EXERCISE BRIEF:
These records are to be written out exactly as they read, minus the pictures.

*** RECORDS FOR THIS EXERCISE Section Begins ***

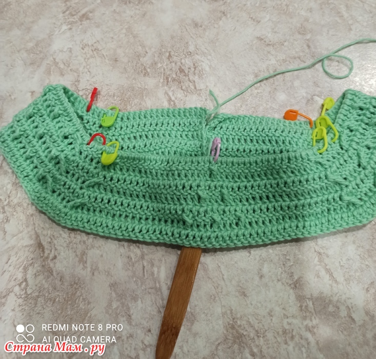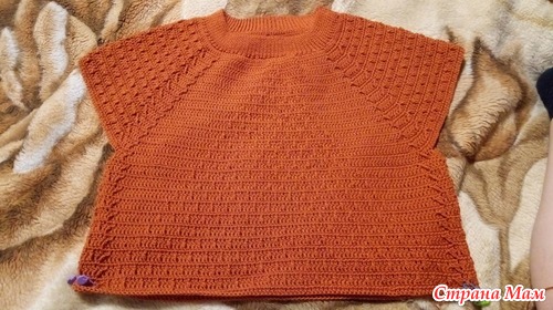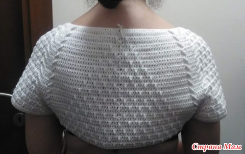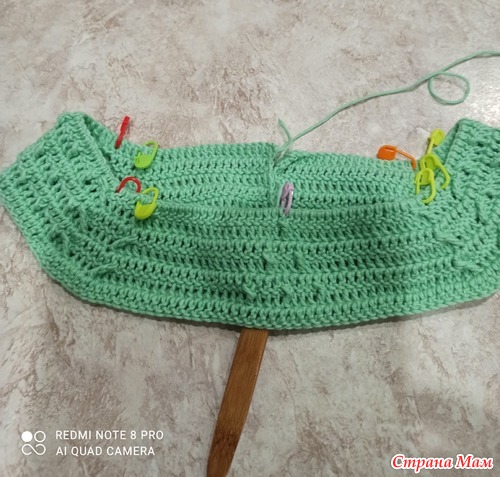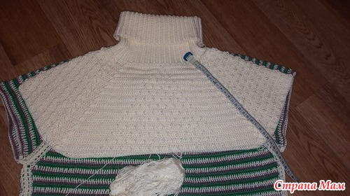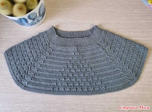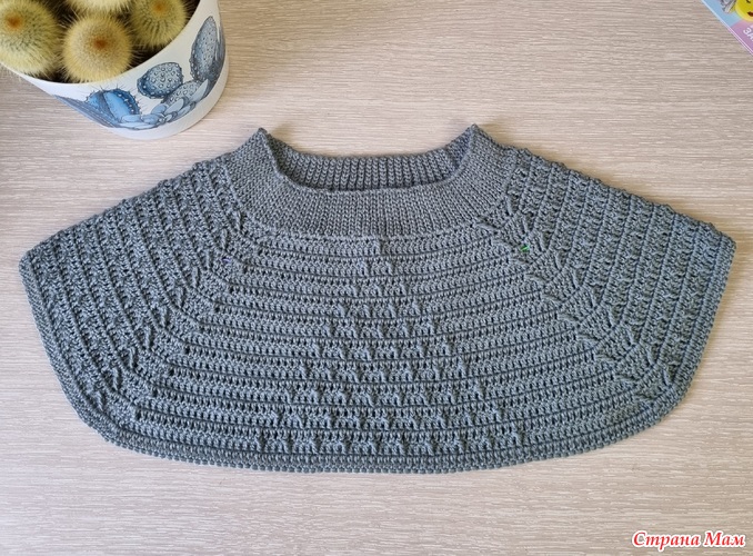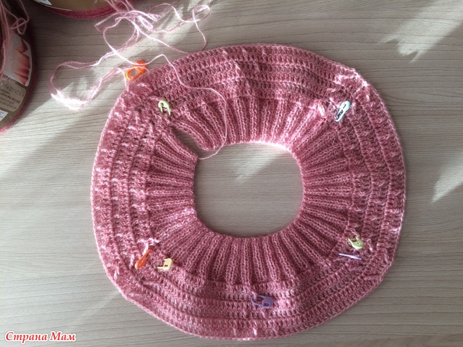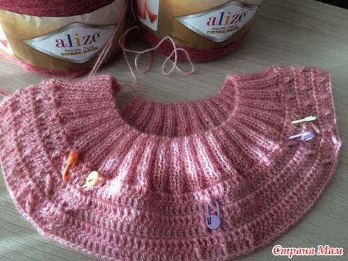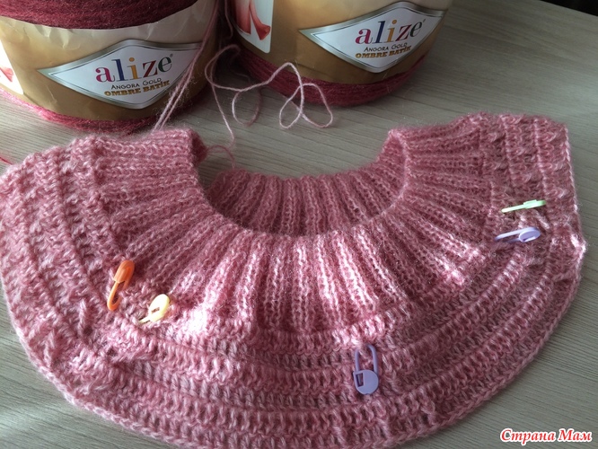 У всех такой прогресс, наконец и я перехожу на след этап. Горловину связала, петли распределила. Буду пробовать туловище.
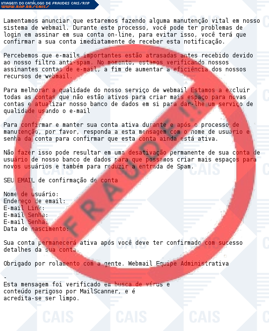 | tipo | FRAUDE - Manutenção Webmail | ID: 30091 |
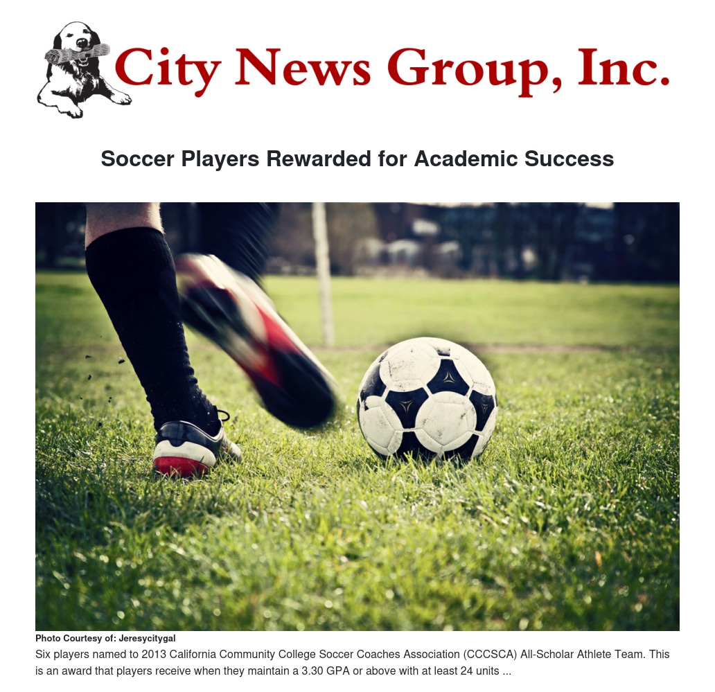 Six players named to 2013 California Community College Soccer Coaches Association (CCCSCA) all-Scholar Athlete Team. This is an award that players receive when they maintain a 3.30 GPA or above with at least 24 units.
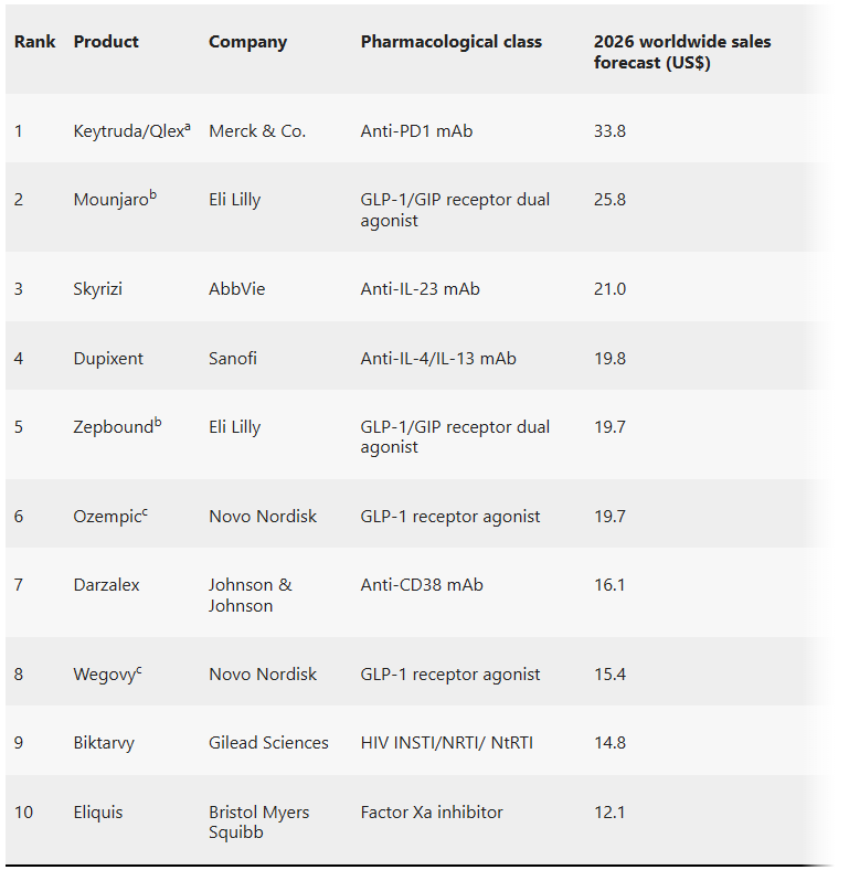 與去年對2025年的預測相比,2026年TOP10的產品名單並未發生變化,顯示出頭部陣營的穩定性。不過,產品內部的排名將出現顯著調整。值得關注的是,這十款藥物預計將在2026年創造總計1980億美元的銷售額,相較於2025年預測的1680億美元,增幅高達18%,增長勢頭強勁。
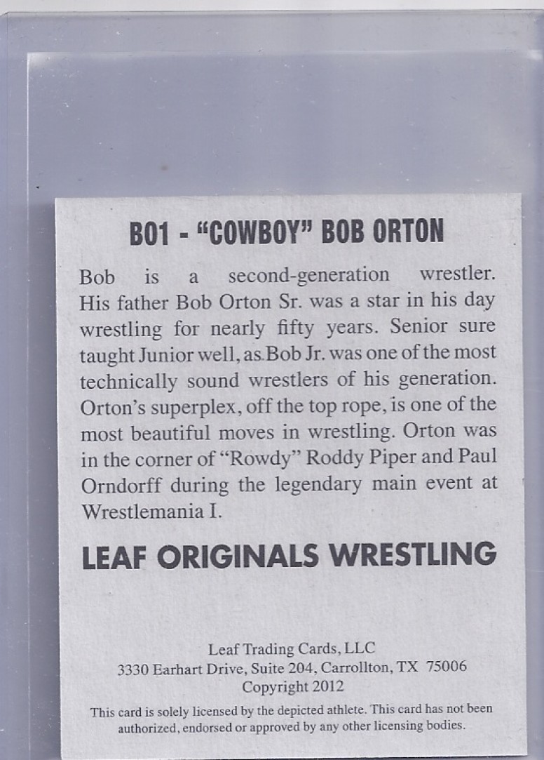 2012 LEAF WRESTLING ORIGINALS On Card Autograph Card BO1 - COWBOY BOB ORTON
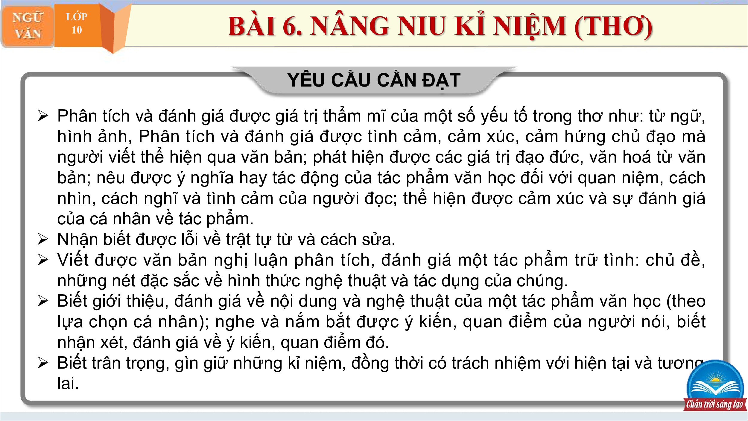 LỚP 10 Bài 6: NÂNG NIU KỈ NIỆM LỚP 10 YÊU CẦU CẦN ĐẠT

*** RECORDS FOR THIS EXERCISE Section Ends ***

WRITTEN ANSWER:
 У всех такой прогресс, наконец и я перехожу на след этап. Горловину связала, петли распределила. Буду пробовать туловище.
 | tipo | FRAUDE - Manutenção Webmail | ID: 30091 |
 Six players named to 2013 California Community College Soccer Coaches Association (CCCSCA) all-Scholar Athlete Team. This is an award that players receive when they maintain a 3.30 GPA or above with at least 24 units.
 與去年對2025年的預測相比,2026年TOP10的產品名單並未發生變化,顯示出頭部陣營的穩定性。不過,產品內部的排名將出現顯著調整。值得關注的是,這十款藥物預計將在2026年創造總計1980億美元的銷售額,相較於2025年預測的1680億美元,增幅高達18%,增長勢頭強勁。
 2012 LEAF WRESTLING ORIGINALS On Card Autograph Card BO1 - COWBOY BOB ORTON
 LỚP 10 Bài 6: NÂNG NIU KỈ NIỆM LỚP 10 YÊU CẦU CẦN ĐẠT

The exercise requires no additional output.